Alarmingly, 18 per cent of cancer patients sent to hospital for urgent treatment were still waiting to see an oncologist more than a month after their GP’s referral. For plastic and reconstructive surgery – required after an accident or other surgery – more than half of the most urgent cases have to wait more than a month to see a specialist.
At Queensland’s biggest hospital, the Royal Brisbane and Women’s Hospital, 16,371 patients in need of an operation were waiting to see a specialist in January, before they could join the surgical waiting list.
Barely a quarter of patients needing brain surgery were seen by a neurosurgeon within the 30-day limit, with just 28 per cent of Category 2 patients seen within three months.
Thirteen per cent of cancer patients were waiting longer than the 30-day limit for the most urgent cases.
Children requiring heart surgery are having to wait months to see a specialist at the new $1.5 billion Queensland Children’s Hospital.

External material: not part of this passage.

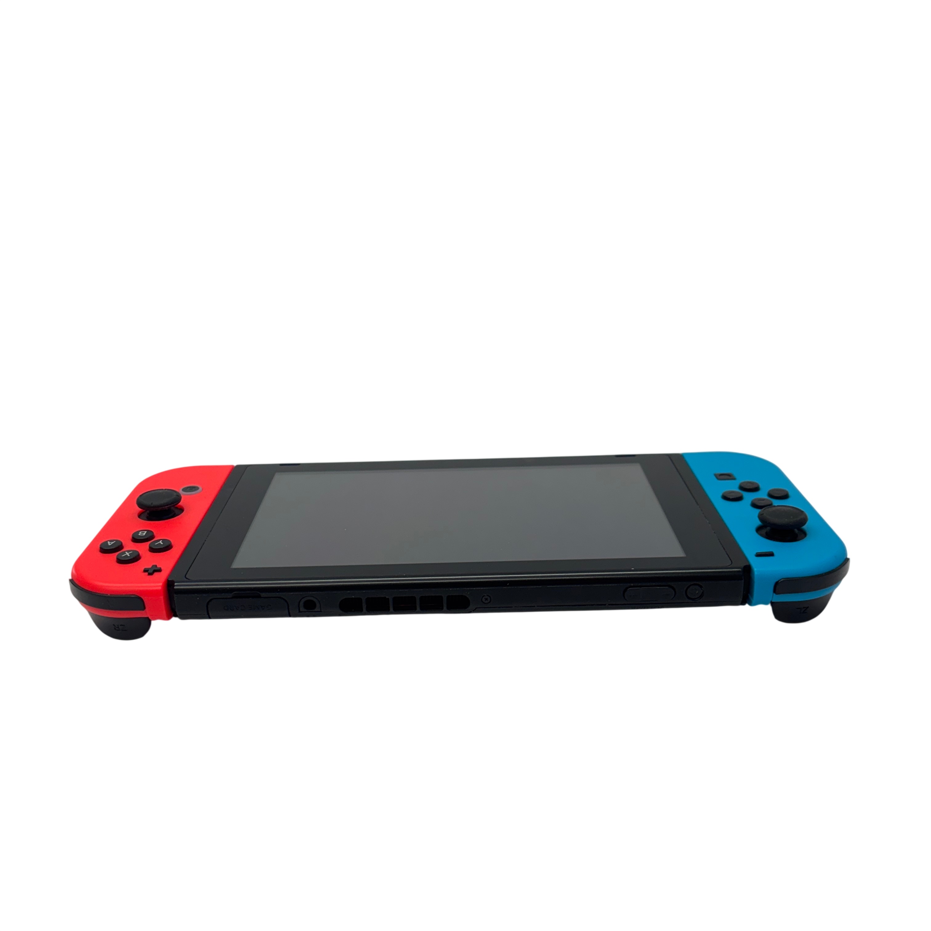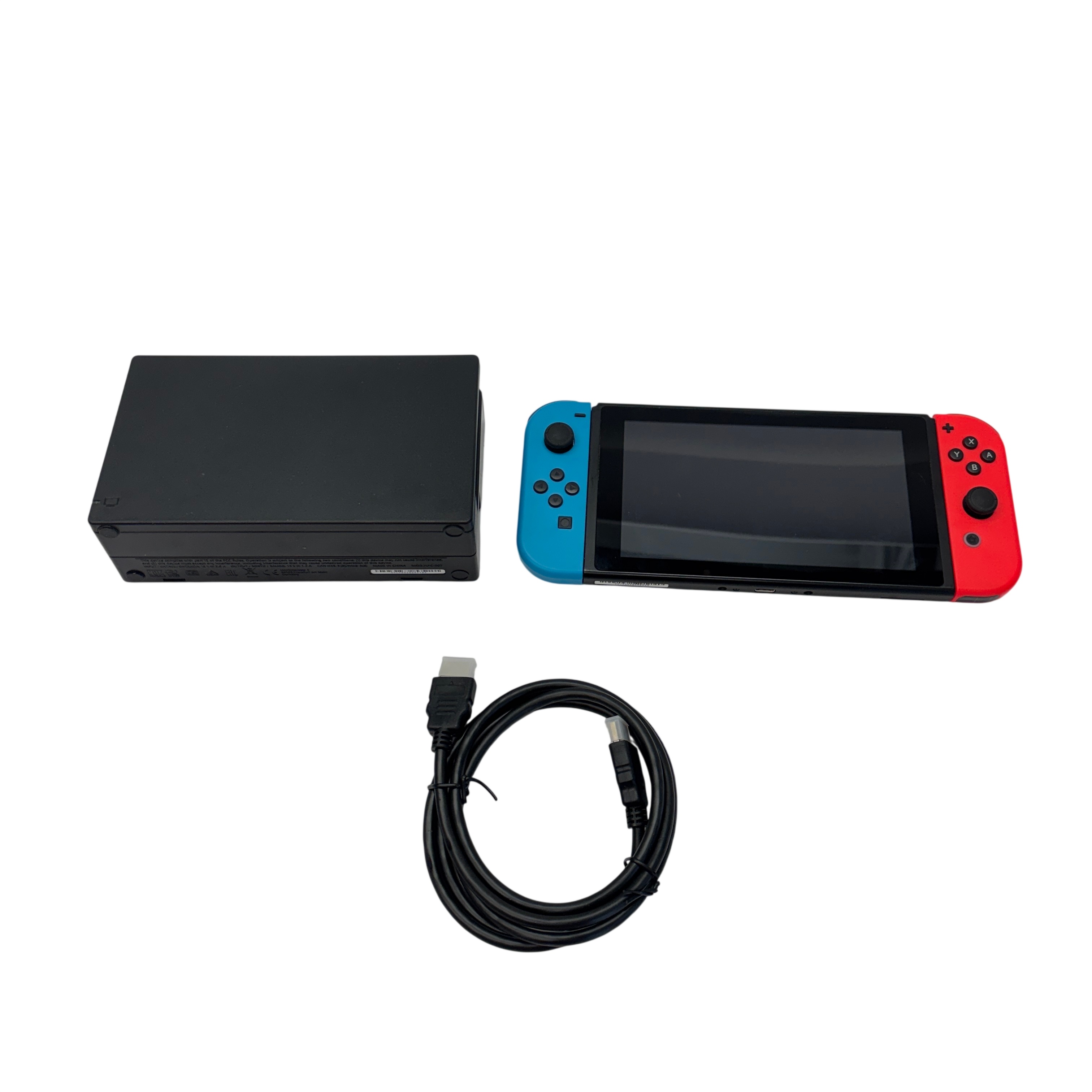 Nintendo Switch with Dock (Model HAC-001) is a versatile electronic game console that offers both handheld and TV gaming experiences. Featuring detachable blue and red Joy-Con controllers, the system supports a 15V 2.6A power input through its dock, allowing seamless connection to your television. This set includes the Nintendo Switch console, dock, and HDMI cable, making it ideal for gaming at home or on the go. The consoles compact dimensions and lightweight design provide portability without sacrificing performance.

Nearly half the sick children in Category 1 had to wait more than the 30-day time limit to see a cardiologist, while half those in Category 2 had to wait longer than three months and three-quarters of Category 3 children were waiting longer than a year.
Only 56 per cent of children requiring an urgent appointment with a neuro-surgeon were seen within 30 days.
And just half the kids needing a urologist, a third of those requiring an ear, nose or throat consultation, and a quarter of those referred for endocrinology or gastroenterology were seen within 30 days for the most urgent cases.
At the Sunshine Coast University Hospital, only 10 per cent of patients referred to a gastroenterologist for stomach problems were seen on time, with 92 per cent of the most urgent cases waiting more than the 30-day limit, and 71 per cent of the least urgent cases waiting more than a year.
Queensland Health said that “hospital data does not always capture the complex issues … clinical teams face in treating them in the recommended time frames’’, due to an average day’s variety of cases, including 5500 accident and emergency patients.